WORK TO COMPLETE: In the records below, the line with "Bentuk rasa peduli" opens the range and the line with "玄関で安全に立ち上がり、スム" closes it; print that range exactly and nothing else.

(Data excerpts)
☆ ☆ ☆ ☆
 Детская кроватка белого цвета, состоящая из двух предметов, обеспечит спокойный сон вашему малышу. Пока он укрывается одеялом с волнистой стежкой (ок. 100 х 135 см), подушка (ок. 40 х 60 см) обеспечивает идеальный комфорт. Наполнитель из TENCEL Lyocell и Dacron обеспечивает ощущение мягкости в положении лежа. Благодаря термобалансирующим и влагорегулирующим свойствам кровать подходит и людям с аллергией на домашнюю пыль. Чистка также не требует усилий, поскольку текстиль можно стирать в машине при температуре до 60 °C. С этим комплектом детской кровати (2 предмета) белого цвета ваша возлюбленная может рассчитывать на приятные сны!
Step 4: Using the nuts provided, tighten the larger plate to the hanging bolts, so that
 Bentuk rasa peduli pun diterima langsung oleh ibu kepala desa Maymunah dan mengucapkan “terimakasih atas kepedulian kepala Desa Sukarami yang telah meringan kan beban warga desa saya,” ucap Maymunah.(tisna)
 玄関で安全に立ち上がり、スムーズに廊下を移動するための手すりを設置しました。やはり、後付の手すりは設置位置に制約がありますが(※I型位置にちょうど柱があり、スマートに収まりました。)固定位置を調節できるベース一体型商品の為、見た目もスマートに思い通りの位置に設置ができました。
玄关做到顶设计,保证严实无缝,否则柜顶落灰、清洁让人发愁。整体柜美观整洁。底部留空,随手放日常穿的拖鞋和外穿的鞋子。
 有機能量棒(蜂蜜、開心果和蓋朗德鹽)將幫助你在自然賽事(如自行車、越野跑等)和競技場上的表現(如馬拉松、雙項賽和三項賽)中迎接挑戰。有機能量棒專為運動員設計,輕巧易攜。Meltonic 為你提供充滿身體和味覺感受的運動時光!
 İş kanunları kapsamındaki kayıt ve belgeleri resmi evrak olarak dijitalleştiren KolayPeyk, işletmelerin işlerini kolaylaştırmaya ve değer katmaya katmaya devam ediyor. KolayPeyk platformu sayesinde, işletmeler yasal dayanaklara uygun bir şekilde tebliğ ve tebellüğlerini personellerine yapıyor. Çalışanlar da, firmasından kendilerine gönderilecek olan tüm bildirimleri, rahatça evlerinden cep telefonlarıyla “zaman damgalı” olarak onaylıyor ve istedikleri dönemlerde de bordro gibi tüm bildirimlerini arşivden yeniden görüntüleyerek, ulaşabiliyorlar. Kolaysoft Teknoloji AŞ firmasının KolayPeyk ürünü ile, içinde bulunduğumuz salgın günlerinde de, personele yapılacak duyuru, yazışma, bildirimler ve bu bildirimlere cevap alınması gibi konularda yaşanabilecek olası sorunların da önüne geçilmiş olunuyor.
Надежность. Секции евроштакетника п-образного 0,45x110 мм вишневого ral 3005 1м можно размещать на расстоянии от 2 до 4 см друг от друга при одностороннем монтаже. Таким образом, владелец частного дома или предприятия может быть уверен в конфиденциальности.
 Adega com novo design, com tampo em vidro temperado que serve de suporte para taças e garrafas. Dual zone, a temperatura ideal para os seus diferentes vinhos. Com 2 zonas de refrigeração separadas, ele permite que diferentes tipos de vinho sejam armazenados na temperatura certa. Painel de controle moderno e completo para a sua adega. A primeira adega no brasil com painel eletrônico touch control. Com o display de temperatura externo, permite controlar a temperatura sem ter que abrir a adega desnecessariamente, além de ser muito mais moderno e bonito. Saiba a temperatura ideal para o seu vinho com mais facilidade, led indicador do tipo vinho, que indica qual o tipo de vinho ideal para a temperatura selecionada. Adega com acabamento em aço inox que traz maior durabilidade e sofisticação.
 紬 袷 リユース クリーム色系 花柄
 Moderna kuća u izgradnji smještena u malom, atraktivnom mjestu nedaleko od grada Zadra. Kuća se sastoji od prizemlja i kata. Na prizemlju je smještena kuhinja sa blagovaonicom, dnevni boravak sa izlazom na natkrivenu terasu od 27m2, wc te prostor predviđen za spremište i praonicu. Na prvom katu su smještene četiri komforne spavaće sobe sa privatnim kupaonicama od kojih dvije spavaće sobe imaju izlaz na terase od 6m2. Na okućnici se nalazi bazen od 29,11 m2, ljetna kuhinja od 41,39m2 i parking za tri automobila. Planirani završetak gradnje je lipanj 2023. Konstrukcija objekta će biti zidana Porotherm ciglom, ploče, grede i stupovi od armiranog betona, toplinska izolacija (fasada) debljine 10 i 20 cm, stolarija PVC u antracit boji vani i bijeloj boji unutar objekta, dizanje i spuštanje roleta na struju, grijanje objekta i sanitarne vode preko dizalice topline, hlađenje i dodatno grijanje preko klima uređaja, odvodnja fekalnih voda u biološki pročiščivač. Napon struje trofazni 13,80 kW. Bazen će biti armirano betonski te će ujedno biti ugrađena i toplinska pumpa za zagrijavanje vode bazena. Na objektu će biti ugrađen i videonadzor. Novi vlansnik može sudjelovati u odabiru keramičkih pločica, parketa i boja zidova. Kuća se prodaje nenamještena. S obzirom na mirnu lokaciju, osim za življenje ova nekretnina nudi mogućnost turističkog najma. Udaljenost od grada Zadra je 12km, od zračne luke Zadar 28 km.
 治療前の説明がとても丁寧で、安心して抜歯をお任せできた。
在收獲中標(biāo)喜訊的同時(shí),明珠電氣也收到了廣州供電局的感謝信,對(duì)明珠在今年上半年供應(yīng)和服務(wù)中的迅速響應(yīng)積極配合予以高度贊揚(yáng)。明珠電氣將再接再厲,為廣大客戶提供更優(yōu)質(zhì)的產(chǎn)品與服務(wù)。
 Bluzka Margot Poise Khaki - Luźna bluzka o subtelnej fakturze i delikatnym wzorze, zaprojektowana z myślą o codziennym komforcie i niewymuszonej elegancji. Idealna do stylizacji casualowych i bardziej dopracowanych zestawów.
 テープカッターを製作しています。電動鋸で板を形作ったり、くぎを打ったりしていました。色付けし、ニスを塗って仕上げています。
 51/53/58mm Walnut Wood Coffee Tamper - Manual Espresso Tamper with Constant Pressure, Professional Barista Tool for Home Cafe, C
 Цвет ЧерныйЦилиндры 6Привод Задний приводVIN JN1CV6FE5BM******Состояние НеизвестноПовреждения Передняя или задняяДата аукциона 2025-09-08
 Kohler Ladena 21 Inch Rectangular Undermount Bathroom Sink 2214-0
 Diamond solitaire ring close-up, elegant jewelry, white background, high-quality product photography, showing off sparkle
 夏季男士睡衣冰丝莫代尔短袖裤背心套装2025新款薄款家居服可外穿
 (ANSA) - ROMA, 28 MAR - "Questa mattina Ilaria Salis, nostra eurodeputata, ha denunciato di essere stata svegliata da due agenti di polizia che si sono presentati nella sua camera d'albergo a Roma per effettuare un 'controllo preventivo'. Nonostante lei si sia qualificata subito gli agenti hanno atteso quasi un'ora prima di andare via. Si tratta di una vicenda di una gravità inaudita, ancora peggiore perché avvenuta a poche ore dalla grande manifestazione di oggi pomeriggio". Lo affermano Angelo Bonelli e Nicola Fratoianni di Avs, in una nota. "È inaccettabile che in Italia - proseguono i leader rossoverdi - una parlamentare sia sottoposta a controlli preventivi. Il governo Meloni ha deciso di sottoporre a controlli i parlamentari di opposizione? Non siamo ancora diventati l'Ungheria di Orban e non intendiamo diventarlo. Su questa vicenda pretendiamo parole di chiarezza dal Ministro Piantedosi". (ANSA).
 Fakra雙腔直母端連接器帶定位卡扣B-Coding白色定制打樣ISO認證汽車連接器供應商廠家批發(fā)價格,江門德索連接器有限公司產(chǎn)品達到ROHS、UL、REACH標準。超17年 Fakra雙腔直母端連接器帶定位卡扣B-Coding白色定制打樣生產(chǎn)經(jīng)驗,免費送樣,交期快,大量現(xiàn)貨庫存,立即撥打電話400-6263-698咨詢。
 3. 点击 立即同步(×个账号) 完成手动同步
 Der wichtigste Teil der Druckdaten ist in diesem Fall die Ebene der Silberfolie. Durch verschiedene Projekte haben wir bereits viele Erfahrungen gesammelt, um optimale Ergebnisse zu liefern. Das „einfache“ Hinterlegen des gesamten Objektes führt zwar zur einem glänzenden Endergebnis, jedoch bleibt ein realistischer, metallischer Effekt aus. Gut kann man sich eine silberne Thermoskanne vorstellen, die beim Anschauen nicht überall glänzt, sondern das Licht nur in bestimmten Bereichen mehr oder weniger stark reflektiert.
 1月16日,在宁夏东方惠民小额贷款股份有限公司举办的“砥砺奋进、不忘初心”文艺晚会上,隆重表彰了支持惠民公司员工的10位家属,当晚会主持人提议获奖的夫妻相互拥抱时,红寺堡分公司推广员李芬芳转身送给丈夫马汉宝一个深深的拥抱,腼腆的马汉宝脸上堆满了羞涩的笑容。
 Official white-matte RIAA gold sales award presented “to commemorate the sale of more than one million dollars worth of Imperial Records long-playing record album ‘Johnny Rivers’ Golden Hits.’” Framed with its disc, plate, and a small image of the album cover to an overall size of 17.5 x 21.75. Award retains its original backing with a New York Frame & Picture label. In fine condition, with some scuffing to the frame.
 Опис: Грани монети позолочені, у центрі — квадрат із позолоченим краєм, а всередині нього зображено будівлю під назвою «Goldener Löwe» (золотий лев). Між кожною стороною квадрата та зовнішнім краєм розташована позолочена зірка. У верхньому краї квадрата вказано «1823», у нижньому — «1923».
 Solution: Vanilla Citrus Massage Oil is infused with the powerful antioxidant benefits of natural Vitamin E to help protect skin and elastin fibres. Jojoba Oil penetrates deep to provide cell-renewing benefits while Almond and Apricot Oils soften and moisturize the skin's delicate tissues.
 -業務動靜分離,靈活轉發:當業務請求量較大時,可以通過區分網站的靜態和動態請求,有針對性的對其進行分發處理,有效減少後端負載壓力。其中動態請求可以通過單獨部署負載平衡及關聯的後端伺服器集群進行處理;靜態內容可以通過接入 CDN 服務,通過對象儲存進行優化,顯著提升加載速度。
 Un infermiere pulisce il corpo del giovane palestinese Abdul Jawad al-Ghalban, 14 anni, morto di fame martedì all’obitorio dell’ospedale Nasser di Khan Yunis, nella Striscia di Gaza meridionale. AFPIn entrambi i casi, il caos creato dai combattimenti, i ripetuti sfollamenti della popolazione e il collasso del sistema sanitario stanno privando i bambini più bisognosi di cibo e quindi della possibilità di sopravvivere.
☆ ☆ ☆ ☆
REPLY:
 Bentuk rasa peduli pun diterima langsung oleh ibu kepala desa Maymunah dan mengucapkan “terimakasih atas kepedulian kepala Desa Sukarami yang telah meringan kan beban warga desa saya,” ucap Maymunah.(tisna)
 玄関で安全に立ち上がり、スムーズに廊下を移動するための手すりを設置しました。やはり、後付の手すりは設置位置に制約がありますが(※I型位置にちょうど柱があり、スマートに収まりました。)固定位置を調節できるベース一体型商品の為、見た目もスマートに思い通りの位置に設置ができました。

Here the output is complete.